[Start of section]
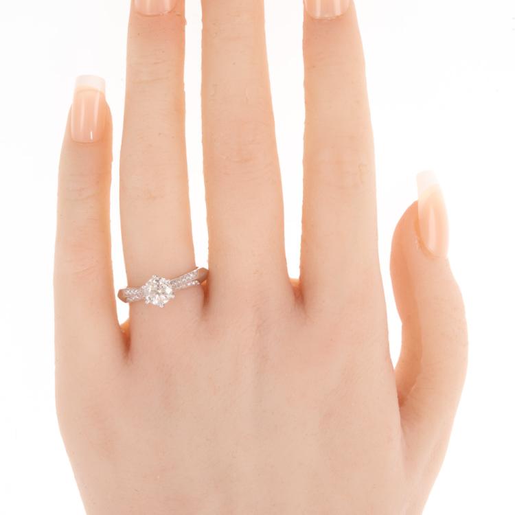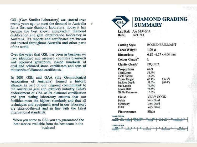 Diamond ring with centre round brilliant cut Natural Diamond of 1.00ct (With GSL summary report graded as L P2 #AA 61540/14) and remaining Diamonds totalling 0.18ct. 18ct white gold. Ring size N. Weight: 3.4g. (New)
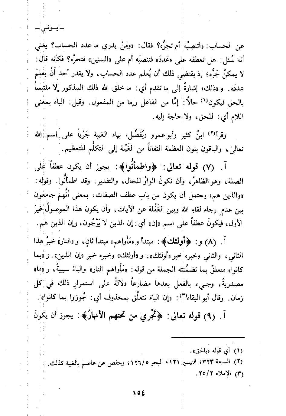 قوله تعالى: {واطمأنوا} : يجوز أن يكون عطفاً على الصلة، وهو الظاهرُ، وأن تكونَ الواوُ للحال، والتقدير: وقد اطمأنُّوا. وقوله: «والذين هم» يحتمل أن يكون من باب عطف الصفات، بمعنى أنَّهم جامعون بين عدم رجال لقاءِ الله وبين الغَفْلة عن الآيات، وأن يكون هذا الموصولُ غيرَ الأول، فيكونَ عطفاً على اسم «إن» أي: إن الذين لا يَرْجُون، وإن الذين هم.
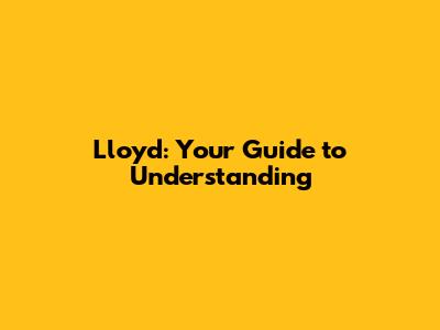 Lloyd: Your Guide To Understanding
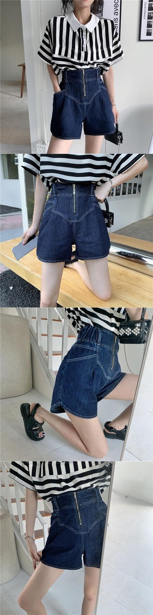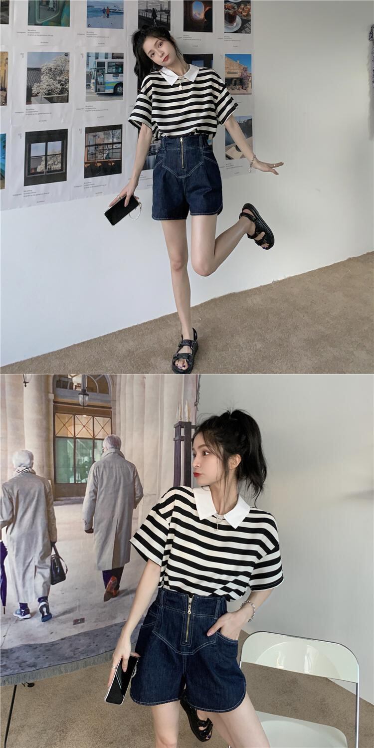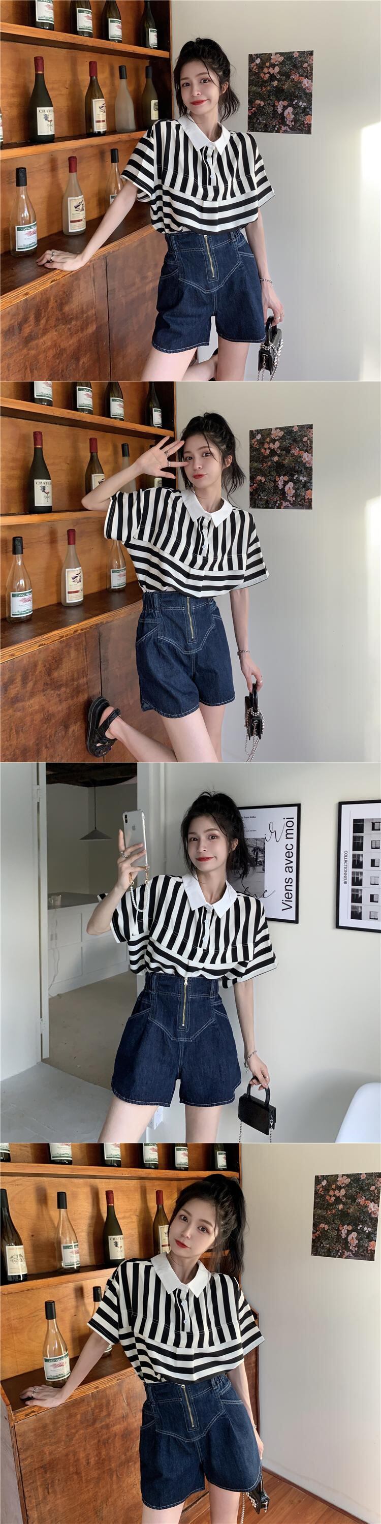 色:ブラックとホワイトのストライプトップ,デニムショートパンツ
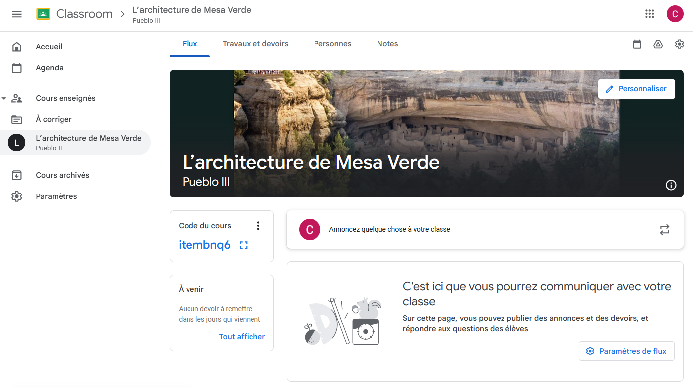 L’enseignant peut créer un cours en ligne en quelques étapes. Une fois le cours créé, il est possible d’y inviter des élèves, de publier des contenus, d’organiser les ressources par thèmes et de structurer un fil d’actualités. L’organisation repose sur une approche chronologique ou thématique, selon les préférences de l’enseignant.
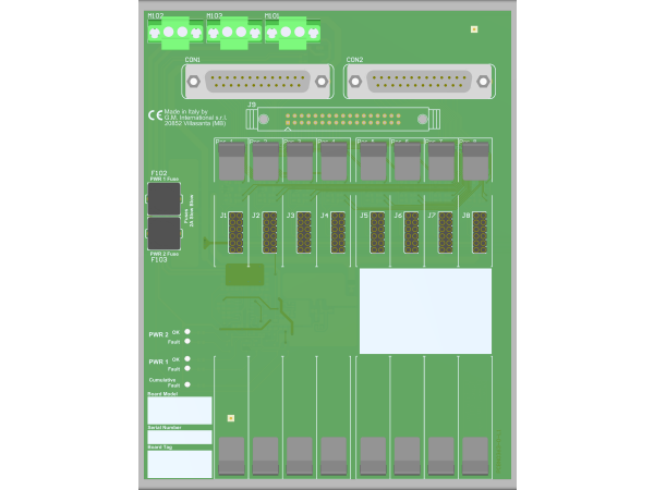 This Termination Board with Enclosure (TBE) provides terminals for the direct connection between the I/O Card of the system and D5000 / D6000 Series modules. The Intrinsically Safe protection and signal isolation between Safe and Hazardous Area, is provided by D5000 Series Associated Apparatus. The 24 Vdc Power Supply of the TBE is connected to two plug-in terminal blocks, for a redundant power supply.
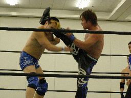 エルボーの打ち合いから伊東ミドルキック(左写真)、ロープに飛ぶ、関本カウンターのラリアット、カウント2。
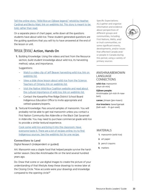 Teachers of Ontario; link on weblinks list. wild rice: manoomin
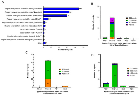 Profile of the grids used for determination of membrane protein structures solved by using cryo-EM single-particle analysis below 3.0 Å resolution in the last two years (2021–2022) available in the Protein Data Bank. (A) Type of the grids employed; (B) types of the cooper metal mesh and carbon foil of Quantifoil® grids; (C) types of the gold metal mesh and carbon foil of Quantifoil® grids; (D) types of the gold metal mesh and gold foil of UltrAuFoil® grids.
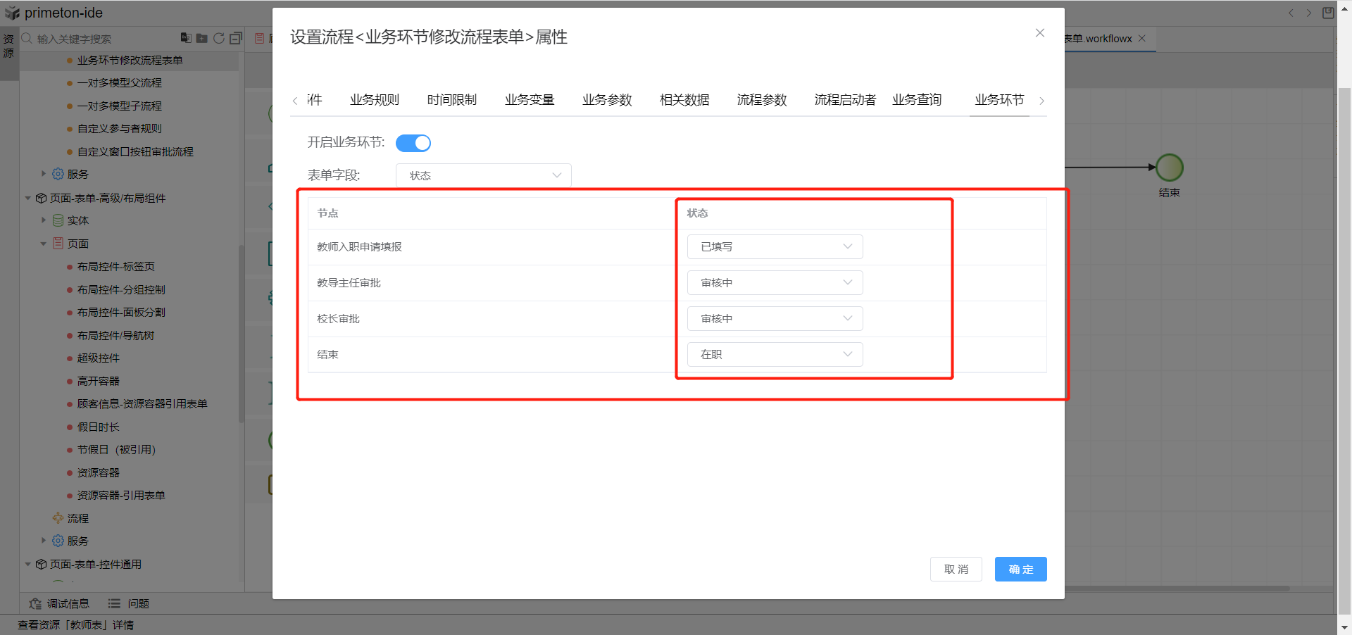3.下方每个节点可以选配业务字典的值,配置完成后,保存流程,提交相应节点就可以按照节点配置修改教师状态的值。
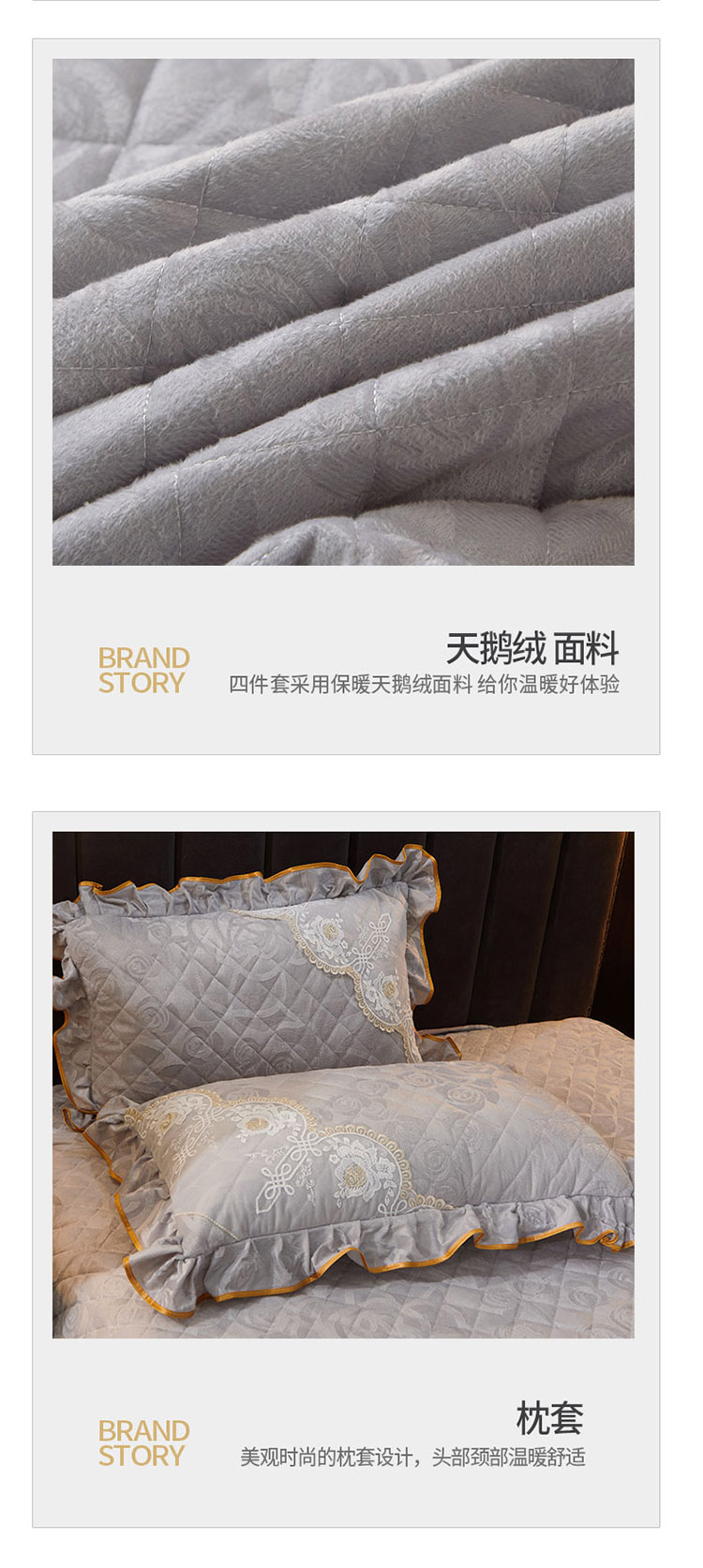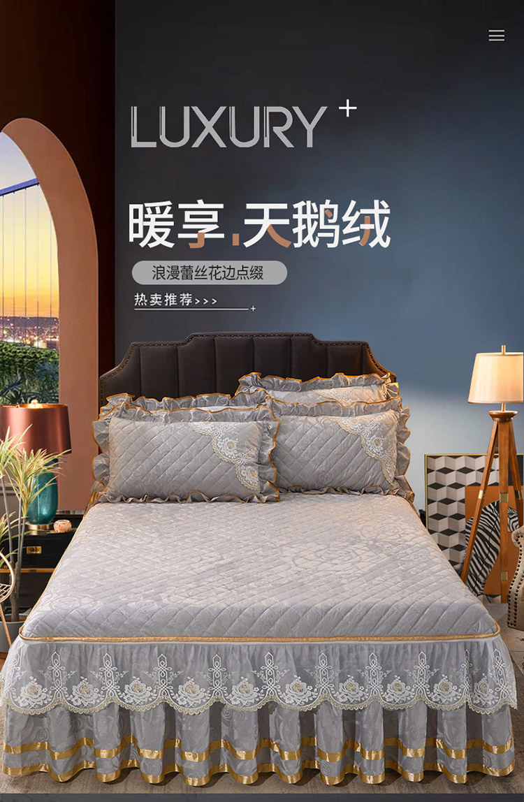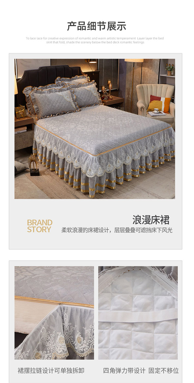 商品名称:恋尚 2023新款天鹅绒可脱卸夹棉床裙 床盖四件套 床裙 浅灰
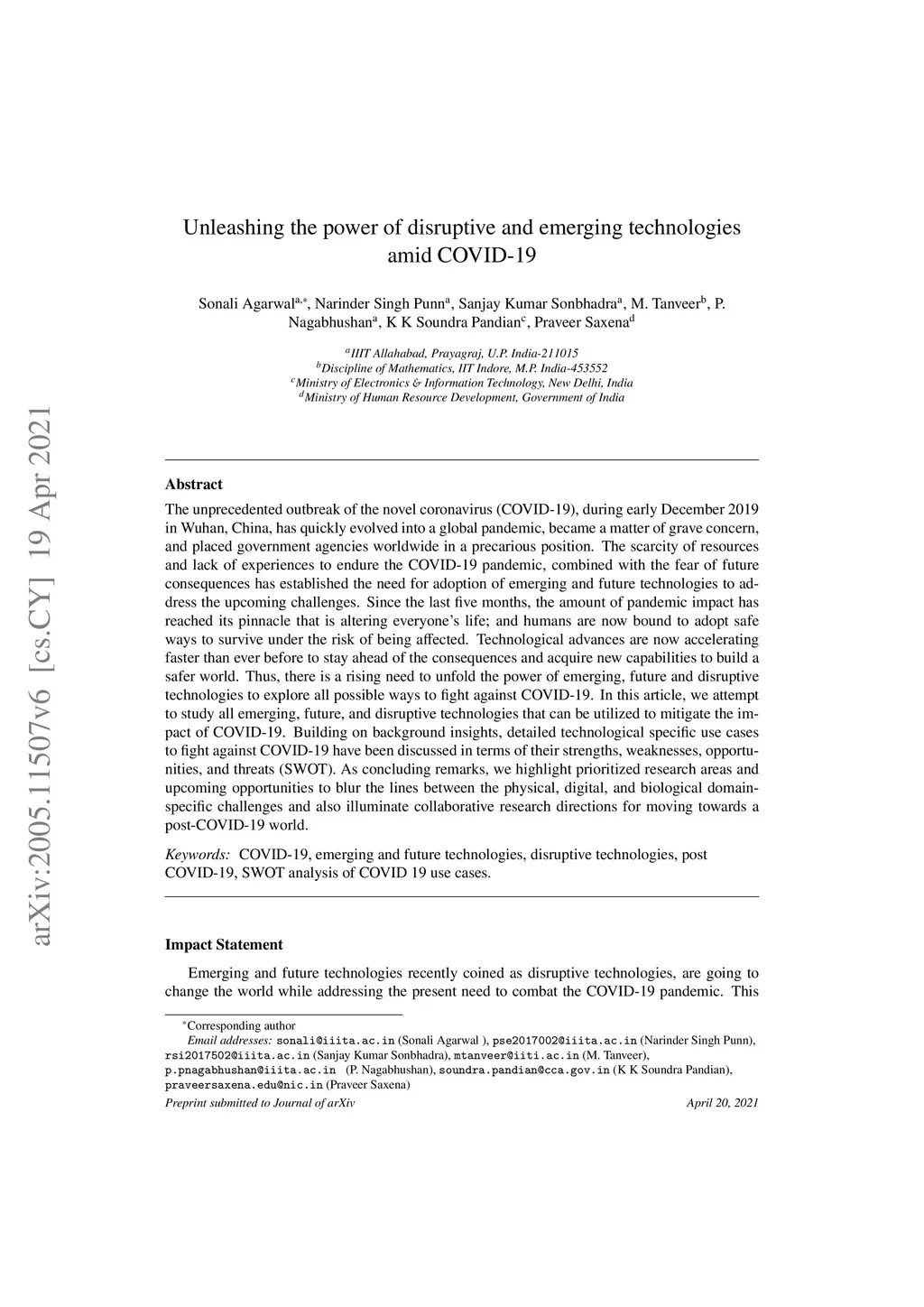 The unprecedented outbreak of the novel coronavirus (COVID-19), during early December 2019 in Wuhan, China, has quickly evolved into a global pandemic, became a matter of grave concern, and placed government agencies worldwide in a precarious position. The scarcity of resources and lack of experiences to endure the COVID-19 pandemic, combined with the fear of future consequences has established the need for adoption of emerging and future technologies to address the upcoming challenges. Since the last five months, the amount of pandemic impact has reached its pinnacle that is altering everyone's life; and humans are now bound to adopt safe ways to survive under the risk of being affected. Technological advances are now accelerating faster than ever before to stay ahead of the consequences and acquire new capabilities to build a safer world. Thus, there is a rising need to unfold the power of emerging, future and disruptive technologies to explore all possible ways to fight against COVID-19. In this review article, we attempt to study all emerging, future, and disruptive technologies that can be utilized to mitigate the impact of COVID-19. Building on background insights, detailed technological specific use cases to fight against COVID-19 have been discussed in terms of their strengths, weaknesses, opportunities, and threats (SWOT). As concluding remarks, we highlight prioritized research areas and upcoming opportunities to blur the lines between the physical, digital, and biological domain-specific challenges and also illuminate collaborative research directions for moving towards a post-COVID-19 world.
[End of section]
Directions for this task ▸ Going through the records above line by line, transcribe each one exactly and skip any pictures.

Problem solution ▸
 Diamond ring with centre round brilliant cut Natural Diamond of 1.00ct (With GSL summary report graded as L P2 #AA 61540/14) and remaining Diamonds totalling 0.18ct. 18ct white gold. Ring size N. Weight: 3.4g. (New)
 قوله تعالى: {واطمأنوا} : يجوز أن يكون عطفاً على الصلة، وهو الظاهرُ، وأن تكونَ الواوُ للحال، والتقدير: وقد اطمأنُّوا. وقوله: «والذين هم» يحتمل أن يكون من باب عطف الصفات، بمعنى أنَّهم جامعون بين عدم رجال لقاءِ الله وبين الغَفْلة عن الآيات، وأن يكون هذا الموصولُ غيرَ الأول، فيكونَ عطفاً على اسم «إن» أي: إن الذين لا يَرْجُون، وإن الذين هم.
 Lloyd: Your Guide To Understanding
 色:ブラックとホワイトのストライプトップ,デニムショートパンツ
 L’enseignant peut créer un cours en ligne en quelques étapes. Une fois le cours créé, il est possible d’y inviter des élèves, de publier des contenus, d’organiser les ressources par thèmes et de structurer un fil d’actualités. L’organisation repose sur une approche chronologique ou thématique, selon les préférences de l’enseignant.
 This Termination Board with Enclosure (TBE) provides terminals for the direct connection between the I/O Card of the system and D5000 / D6000 Series modules. The Intrinsically Safe protection and signal isolation between Safe and Hazardous Area, is provided by D5000 Series Associated Apparatus. The 24 Vdc Power Supply of the TBE is connected to two plug-in terminal blocks, for a redundant power supply.
 エルボーの打ち合いから伊東ミドルキック(左写真)、ロープに飛ぶ、関本カウンターのラリアット、カウント2。
 Teachers of Ontario; link on weblinks list. wild rice: manoomin
 Profile of the grids used for determination of membrane protein structures solved by using cryo-EM single-particle analysis below 3.0 Å resolution in the last two years (2021–2022) available in the Protein Data Bank. (A) Type of the grids employed; (B) types of the cooper metal mesh and carbon foil of Quantifoil® grids; (C) types of the gold metal mesh and carbon foil of Quantifoil® grids; (D) types of the gold metal mesh and gold foil of UltrAuFoil® grids.
3.下方每个节点可以选配业务字典的值,配置完成后,保存流程,提交相应节点就可以按照节点配置修改教师状态的值。
 商品名称:恋尚 2023新款天鹅绒可脱卸夹棉床裙 床盖四件套 床裙 浅灰
 The unprecedented outbreak of the novel coronavirus (COVID-19), during early December 2019 in Wuhan, China, has quickly evolved into a global pandemic, became a matter of grave concern, and placed government agencies worldwide in a precarious position. The scarcity of resources and lack of experiences to endure the COVID-19 pandemic, combined with the fear of future consequences has established the need for adoption of emerging and future technologies to address the upcoming challenges. Since the last five months, the amount of pandemic impact has reached its pinnacle that is altering everyone's life; and humans are now bound to adopt safe ways to survive under the risk of being affected. Technological advances are now accelerating faster than ever before to stay ahead of the consequences and acquire new capabilities to build a safer world. Thus, there is a rising need to unfold the power of emerging, future and disruptive technologies to explore all possible ways to fight against COVID-19. In this review article, we attempt to study all emerging, future, and disruptive technologies that can be utilized to mitigate the impact of COVID-19. Building on background insights, detailed technological specific use cases to fight against COVID-19 have been discussed in terms of their strengths, weaknesses, opportunities, and threats (SWOT). As concluding remarks, we highlight prioritized research areas and upcoming opportunities to blur the lines between the physical, digital, and biological domain-specific challenges and also illuminate collaborative research directions for moving towards a post-COVID-19 world.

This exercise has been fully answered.